## Problem requirements
Return the material exactly, first line through the line containing "オクラは、うちは(右)アリが", and nothing more. Pictures stay out.

## Exercise inputs
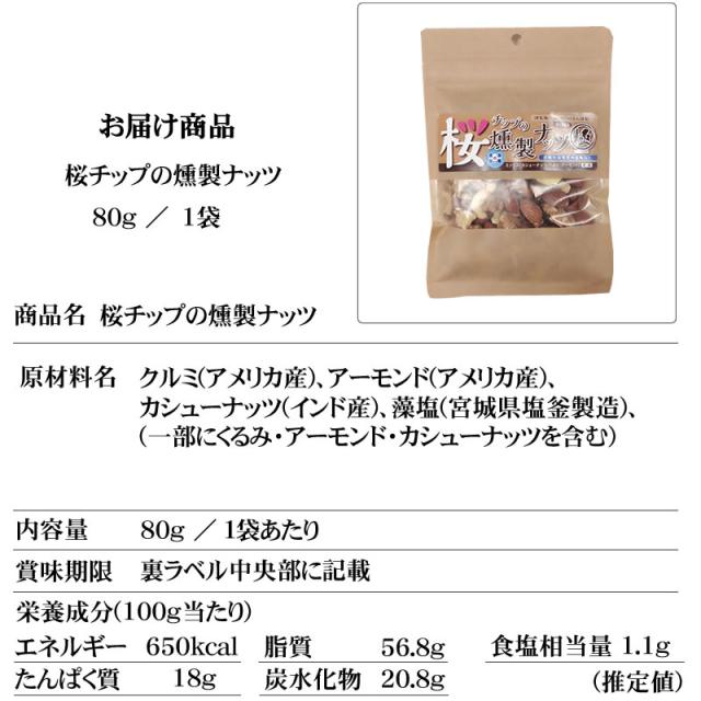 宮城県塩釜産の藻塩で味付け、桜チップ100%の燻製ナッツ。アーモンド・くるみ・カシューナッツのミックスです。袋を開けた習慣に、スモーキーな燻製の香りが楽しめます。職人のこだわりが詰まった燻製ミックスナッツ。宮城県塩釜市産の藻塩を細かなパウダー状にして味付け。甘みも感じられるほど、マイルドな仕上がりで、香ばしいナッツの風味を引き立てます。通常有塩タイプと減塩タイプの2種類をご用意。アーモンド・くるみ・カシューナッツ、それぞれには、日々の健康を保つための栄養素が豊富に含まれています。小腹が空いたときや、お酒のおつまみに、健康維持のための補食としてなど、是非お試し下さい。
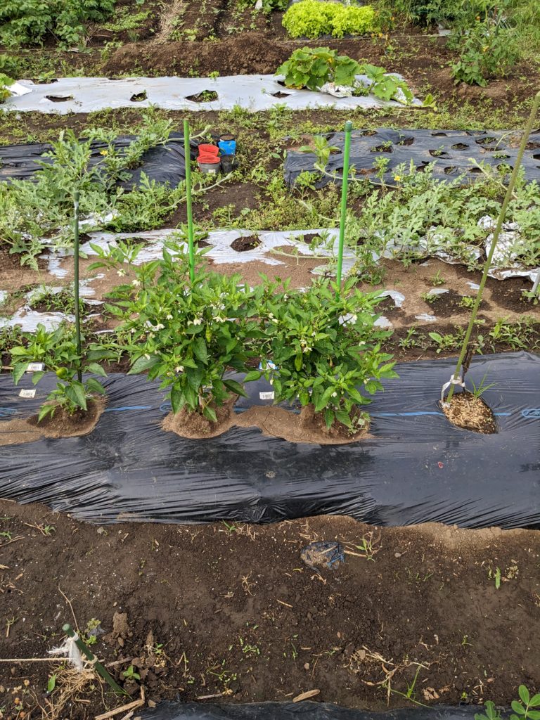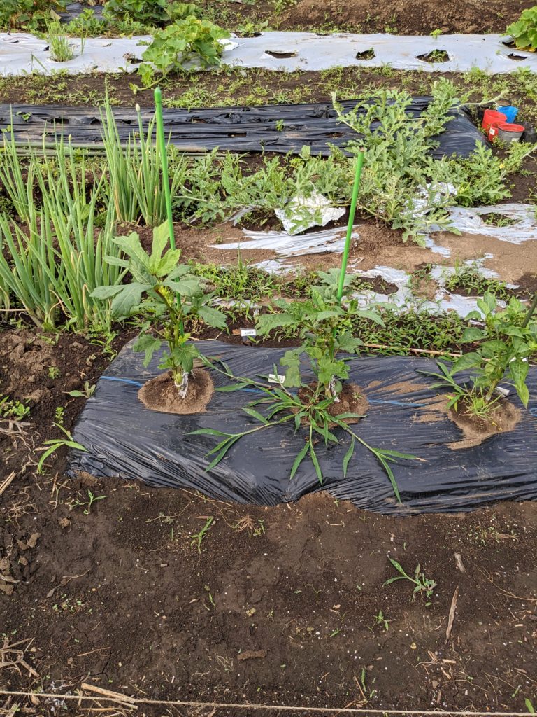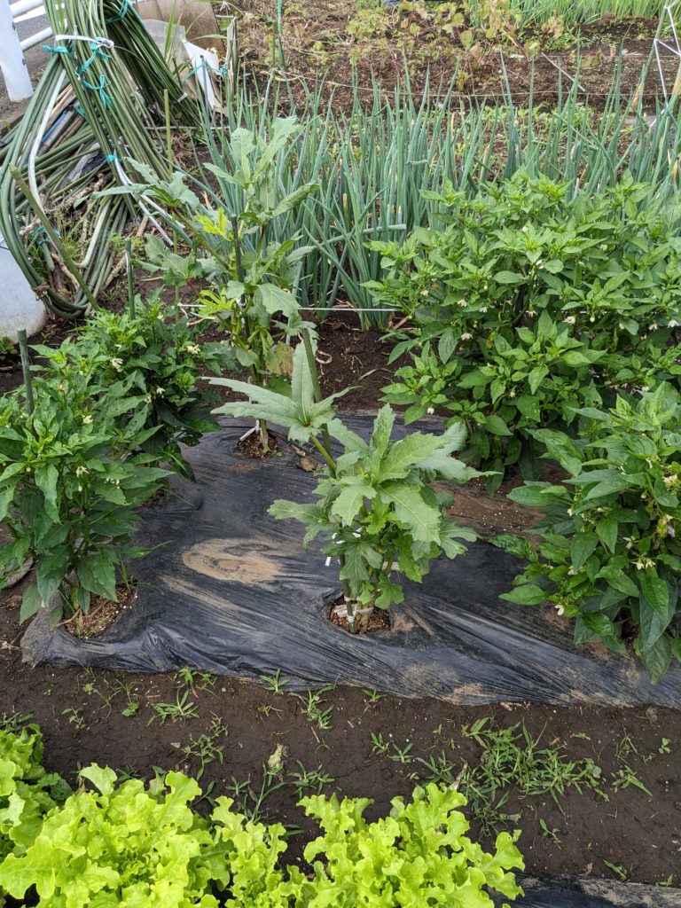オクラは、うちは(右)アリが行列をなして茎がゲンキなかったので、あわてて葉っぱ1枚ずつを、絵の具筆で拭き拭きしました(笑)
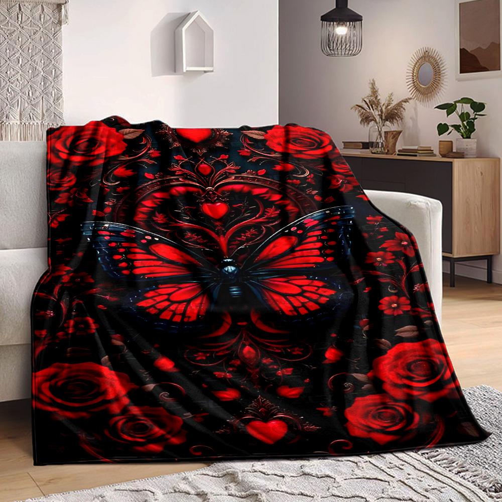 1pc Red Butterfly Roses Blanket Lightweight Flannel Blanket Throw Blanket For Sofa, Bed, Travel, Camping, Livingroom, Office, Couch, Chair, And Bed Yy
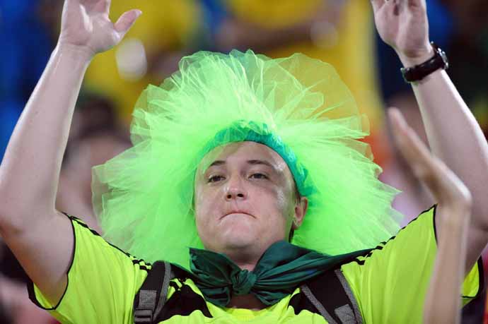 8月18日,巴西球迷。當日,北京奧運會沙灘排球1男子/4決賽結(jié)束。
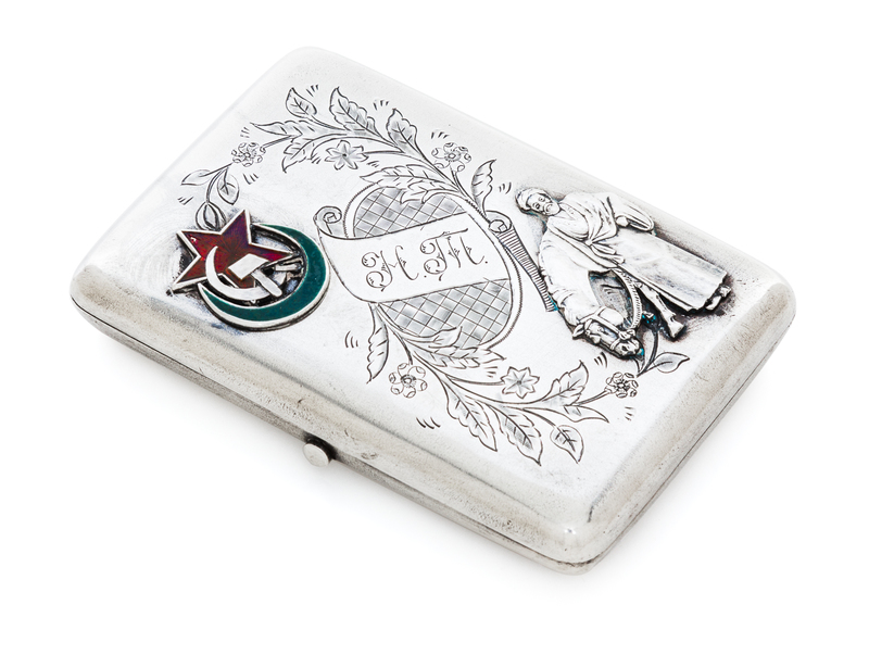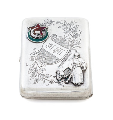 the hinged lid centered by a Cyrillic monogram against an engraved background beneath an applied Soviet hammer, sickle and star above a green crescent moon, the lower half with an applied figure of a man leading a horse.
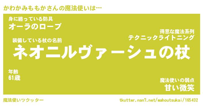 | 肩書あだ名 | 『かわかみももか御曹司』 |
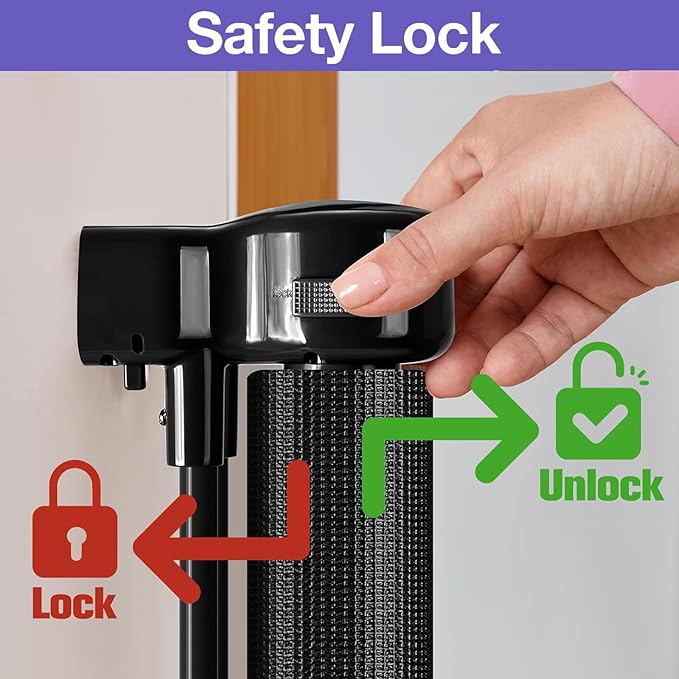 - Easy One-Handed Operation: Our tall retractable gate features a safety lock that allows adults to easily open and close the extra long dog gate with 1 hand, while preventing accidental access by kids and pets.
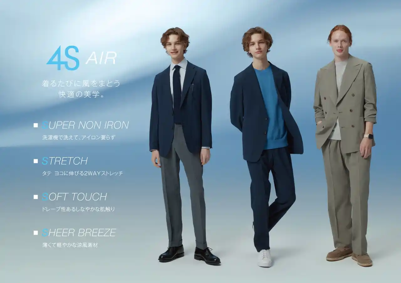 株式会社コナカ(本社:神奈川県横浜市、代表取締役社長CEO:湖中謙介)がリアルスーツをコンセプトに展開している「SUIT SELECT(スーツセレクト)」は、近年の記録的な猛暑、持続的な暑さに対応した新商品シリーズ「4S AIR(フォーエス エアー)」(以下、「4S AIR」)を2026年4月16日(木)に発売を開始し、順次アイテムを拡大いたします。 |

## Output for this exercise
 宮城県塩釜産の藻塩で味付け、桜チップ100%の燻製ナッツ。アーモンド・くるみ・カシューナッツのミックスです。袋を開けた習慣に、スモーキーな燻製の香りが楽しめます。職人のこだわりが詰まった燻製ミックスナッツ。宮城県塩釜市産の藻塩を細かなパウダー状にして味付け。甘みも感じられるほど、マイルドな仕上がりで、香ばしいナッツの風味を引き立てます。通常有塩タイプと減塩タイプの2種類をご用意。アーモンド・くるみ・カシューナッツ、それぞれには、日々の健康を保つための栄養素が豊富に含まれています。小腹が空いたときや、お酒のおつまみに、健康維持のための補食としてなど、是非お試し下さい。
オクラは、うちは(右)アリが行列をなして茎がゲンキなかったので、あわてて葉っぱ1枚ずつを、絵の具筆で拭き拭きしました(笑)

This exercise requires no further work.